Mood Media revenue falters in 3Q18, EBITDA stabilizes amidst cost cuts

Mood Media’s 3Q18 revenue fell by 11% year-over-year while EBITDA dropped only slightly, according to three sources familiar with the situation.

The company booked USD 88m in revenue for the quarter, down from USD 98m for the corresponding period, driven by lower sales in all segments due to delayed execution on projects, two of the sources said. The EBITDA decline – USD 21m in the recent quarter from USD 21.6m in 3Q17 – was partly kept in check by cost-cutting measures to offset lack of organic growth.

Mood’s new CFO hire announced this week will implement further cost cuts and synergies, one of the sources noted.

“They were building projects around customers in global locations and they were expecting a couple to start in 3Q, but they didn’t, and so they will start in 4Q or 1Q19,” the first source said.
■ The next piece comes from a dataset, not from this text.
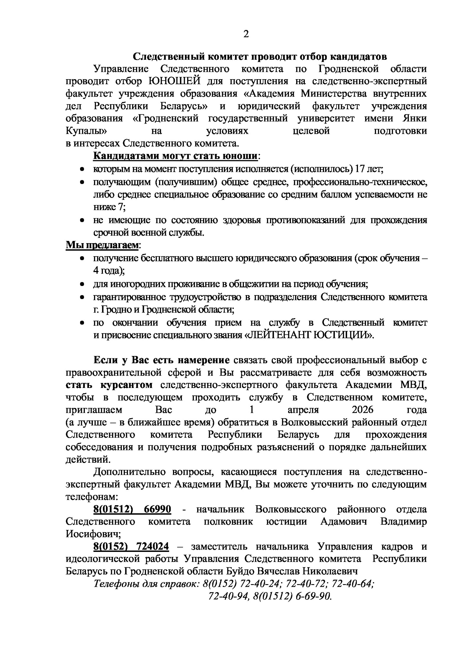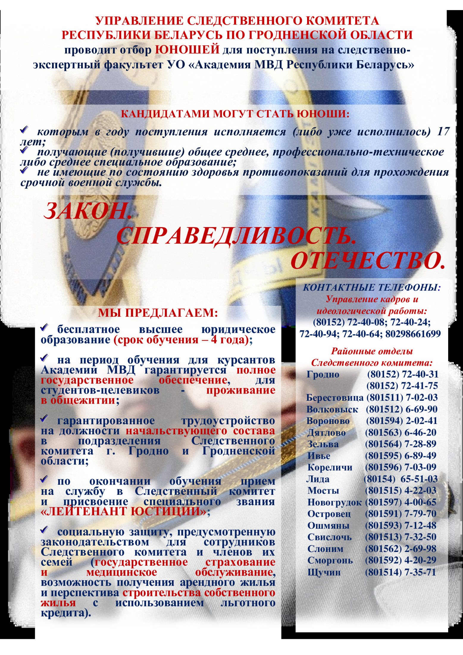 По вопросам поступления на военную службу по контракту Вы можете обратиться по адресу: г.Гродно ул.Богдановича, д. 4, кабинеты № 29 с 8.00 до 17.00 (обеденный перерыв с 13.00 до 14.00) ежедневно, кроме субботы и воскресенья. Справки по телефону: 62 25 39.

Some investors were taken aback that that the company’s recent acquisition of Focus Four Media didn’t translate to revenue growth, the source continued. On a segment basis, Mood’s in-store media unit in North America generated USD 60.9m of revenues, down 3%, while its international in-store media unit generated USD 21.3m in revenues, down 17%, a source said.

The consolidated results left the media company 6.3x levered, two of the sources said.

Mood burned USD 17m of cash in the quarter, based on USD 7m of cash from operations less USD 24m of capex, according to the first source. As of 30 September, the company had USD 13.76m of liquidity, with USD 8.13m in cash and USD 5.63m of combined availability on its USD 15m revolver and USD 2.5m ABL facility.

In a downgrade of the credit to CCC+ from July, S&P noted the borrower has an “unsustainable” capital structure with “limited ability to grow revenues and margins sufficiently to offset its elevated debt burden, which will likely continue to increase due to the accretion of PIK interest on its second-lien notes.”

Still, the USD 207m 16.5% second lien PIK notes due 2024 are up around par, last changing hands in odd lots at 98.75 on 26 November, down slightly from its last trade in size at 99 on 5 July, according to MarketAxess. And two of the sources said the company could come to the market in 2019 to refinance the seconds.

The borrower’s USD 288m Libor+725bps TLB due 2022 is quoted today in the 98.625/100.125 context, in line with recent levels, according to Markit.

The company did not respond to request for comment.